Wednesday, March 7, 2012

I Paid a Bribe and Similar Corruption-Exposing Sites Spread - NYTimes.com

I Paid a Bribe and Similar Corruption-Exposing Sites Spread - NYTimes.com

The going rate to get a child who has already passed the entrance requirements into high school in Nairobi, Kenya? 20,000 shillings.

The expense of obtaining a driver’s license after having passed the test in Karachi, Pakistan? 3,000 rupees.

Such is the price of what Swati Ramanathan calls “retail corruption,” the sort of nickel-and-dime bribery, as opposed to large-scale graft, that infects everyday life in so many parts of the world.

Ms. Ramanathan and her husband, Ramesh, along with Sridar Iyengar, set out to change all that in August 2010 when they started ipaidabribe.com, a site that collects anonymous reports of bribes paid, bribes requested but not paid and requests that were expected but not forthcoming.

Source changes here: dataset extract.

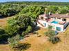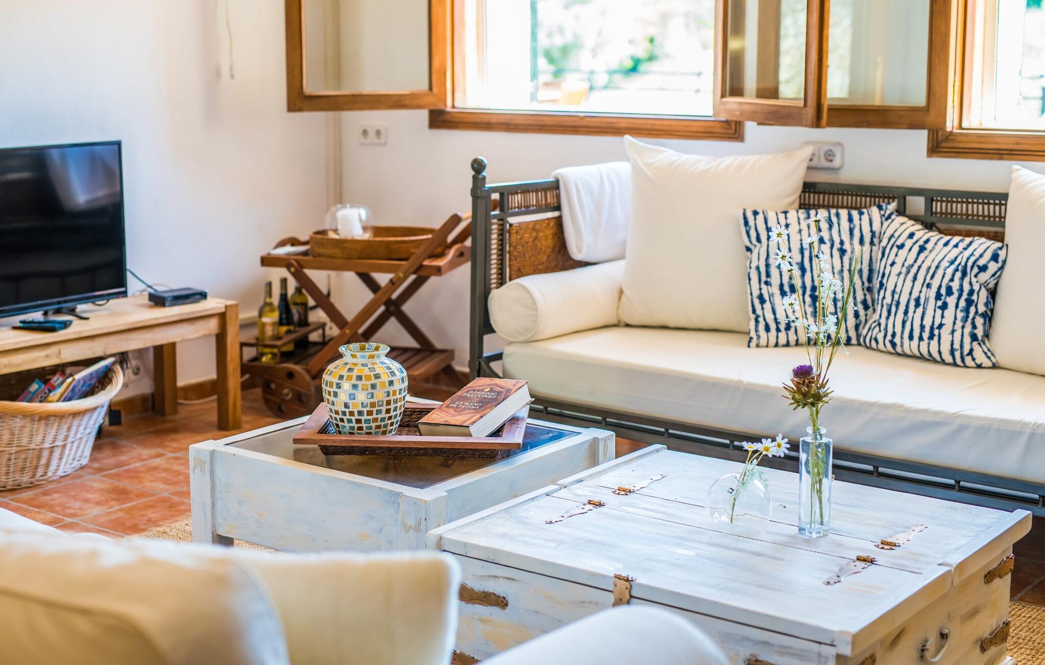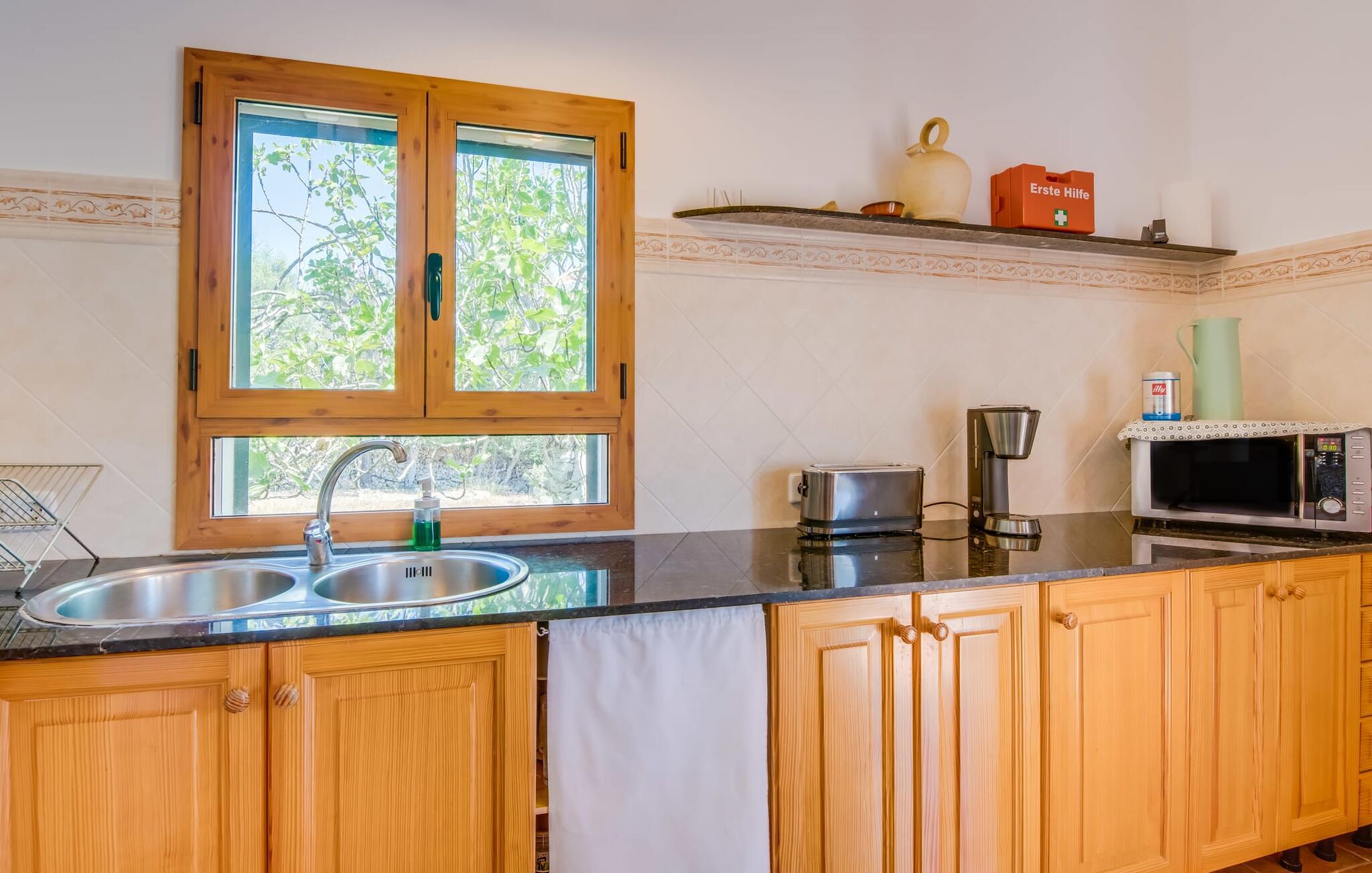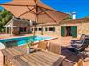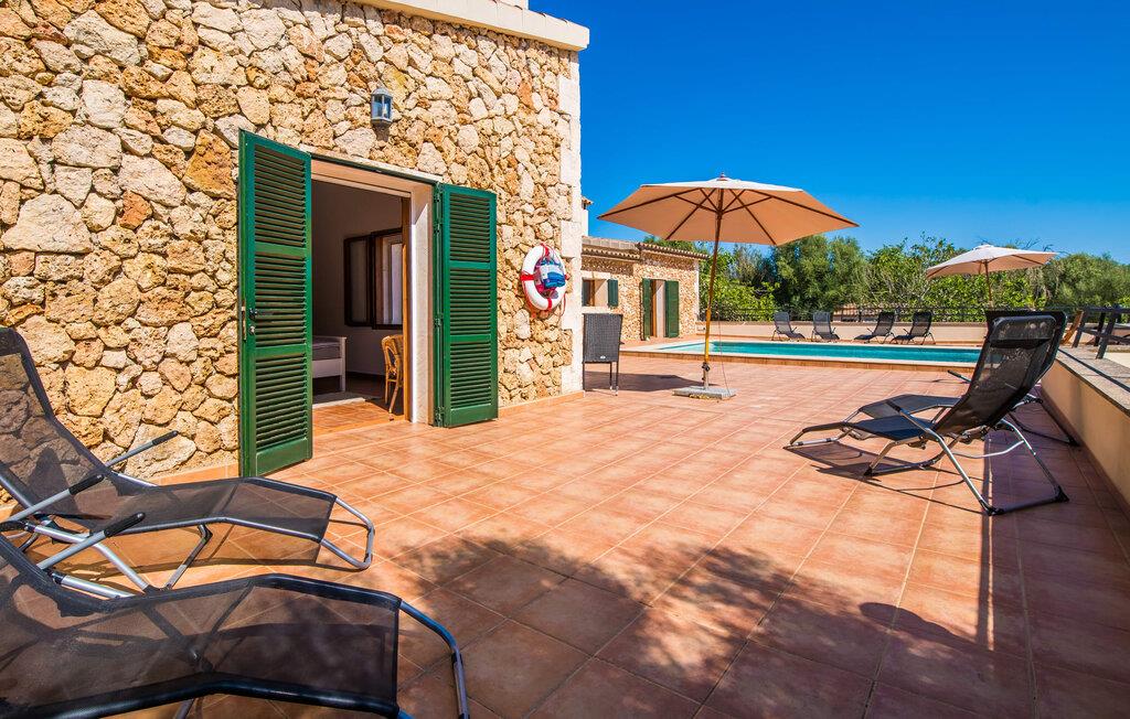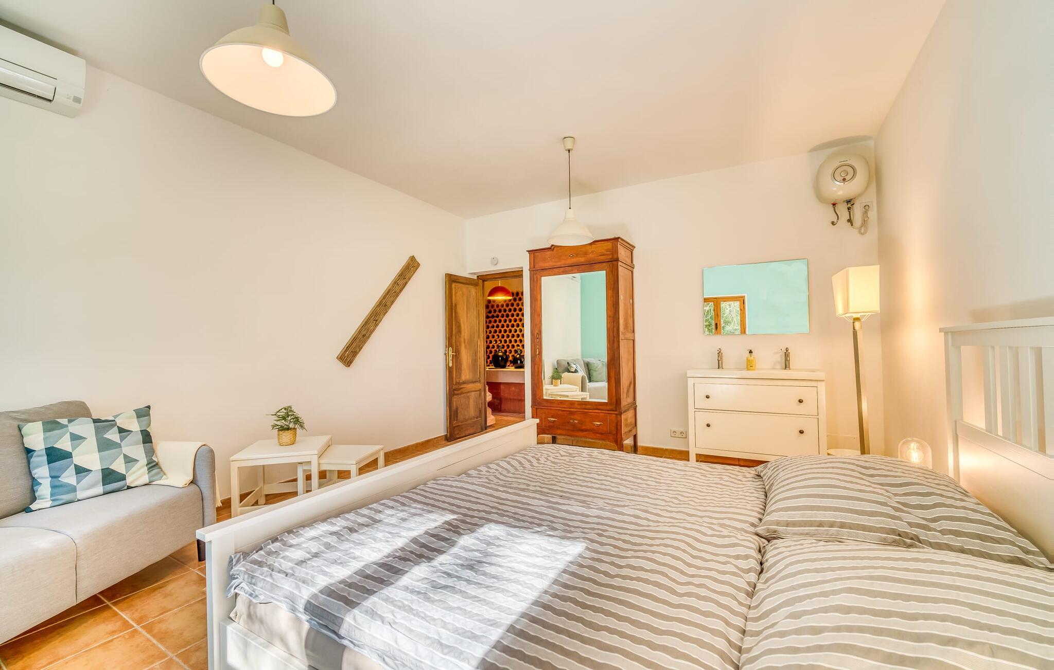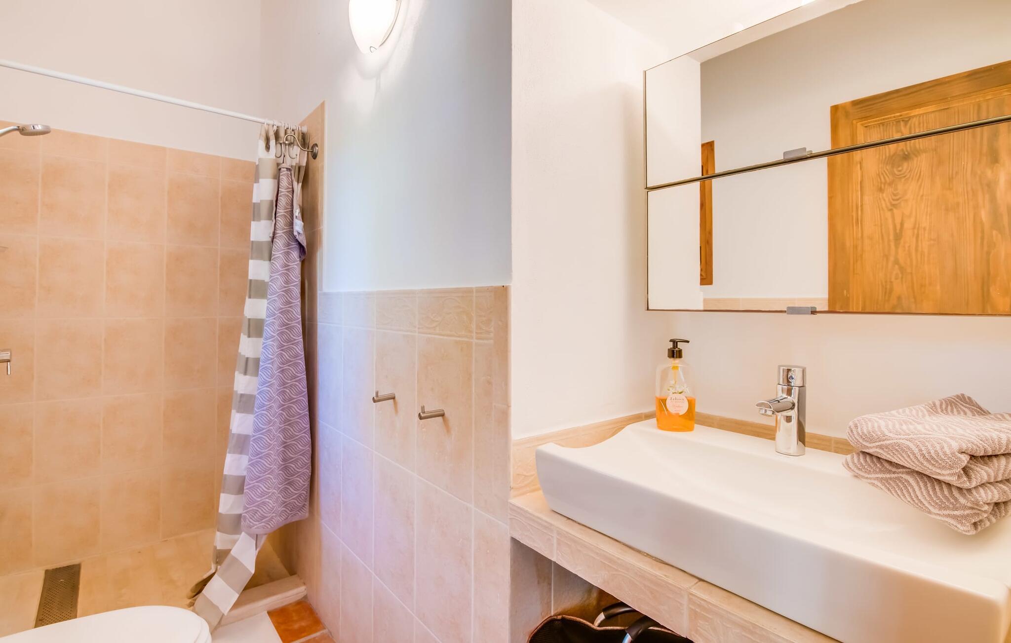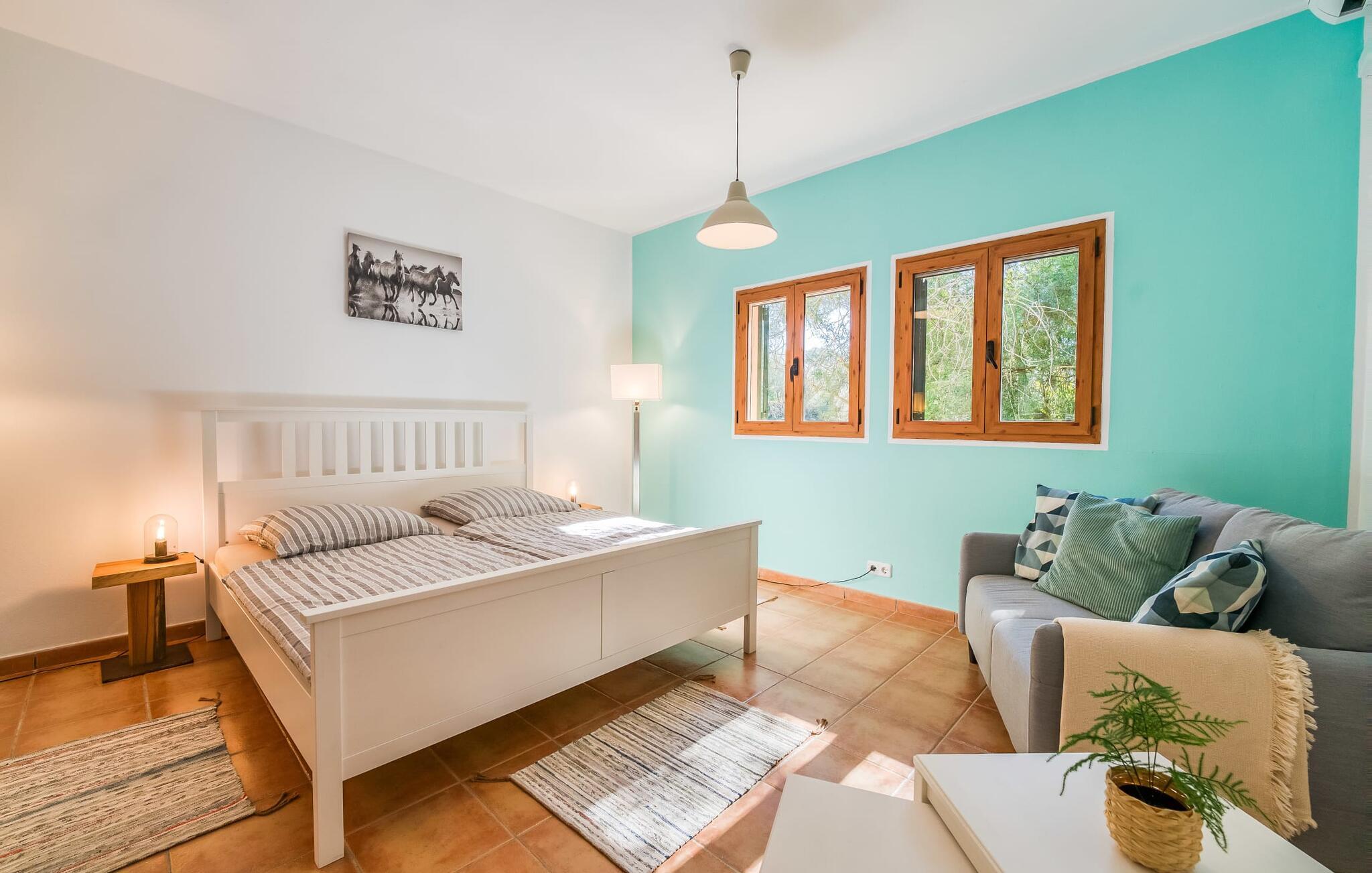 Beliggende på en svag skråning tilbyder feriehuset "Can Baldo" et fortryllende tilflugtssted i hjertet af Mallorca. Det primære opholdsområde har en charmerende naturstensfacade og byder på en betagende udsigt over det omkringliggende landskab med fyrretræer og marker. Den ekspansive poolterrasse er perfekt til at nyde smukke solopgange og private solbadningsøjeblikke. Hyggelige naturstenterrasser på bagsiden inviterer jer til at slappe af i skyggen. Ejendommen har en stor have med fodboldmål, en basketballkurv og et bordtennisbord. Det primære opholdsrum har en lys, åben grundplan med en hyggelig stue med pejs og direkte adgang til terrassen ved poolen. En indbydende spiseplads forbinder en af naturstensterrasserne, mens det lyse køkken har egen spiseplads og adgang til poolen. På dette niveau er der tre soveværelser med dobbeltsenge, hvoraf to har en-suite badeværelser, og et separat badeværelse. Fra haven er der adgang til et fjerde soveværelse med dobbeltseng og håndvask. Huset er udstyret med aircondition og varme, hvilket gør "Can Baldo" ideel til to familier eller venner, der ønsker at tilbringe en afslappende ferie sammen. Denne meget hyggelige bondegård ligger kun 6 km sydøst for den rolige landsby Sencelles. I en vidunderlig rolig beliggenhed er det et ideelt udgangspunkt for at udforske det mangfoldige Mallorca. Sencelles er ideel til daglige indkøb, og det ugentlige marked på Placa Nova med sine friske produkter er også et besøg værd. De fine sandstrande på den sydlige del af øen, herunder Cala Estancia, Platja de Palma og Cuidad Jardin, er omkring 30 minutter væk i bil.

Mr. Ragui in Kenya is working to develop a system to enable reporting of bribery by mobile phone that he hopes to have ready in time for elections later this year. The idea is to allow people to report vote-buying in real time that will be connected to a map. “It could be really powerful to have real time, granular data to analyze how much corruption affect the election,” he said.

“My real goal, though,” he added, “is to change just one government department and how it does business.”

That is what happened in Bangalore, where Bhaskar Rao, the transport commissioner for the state of Karnataka, used the data collected on I Paid a Bribe to push through reforms in the motor vehicle department. Some 20 senior officers in the department were “cautioned,” Mr. Rao said, and many others received ethics counseling.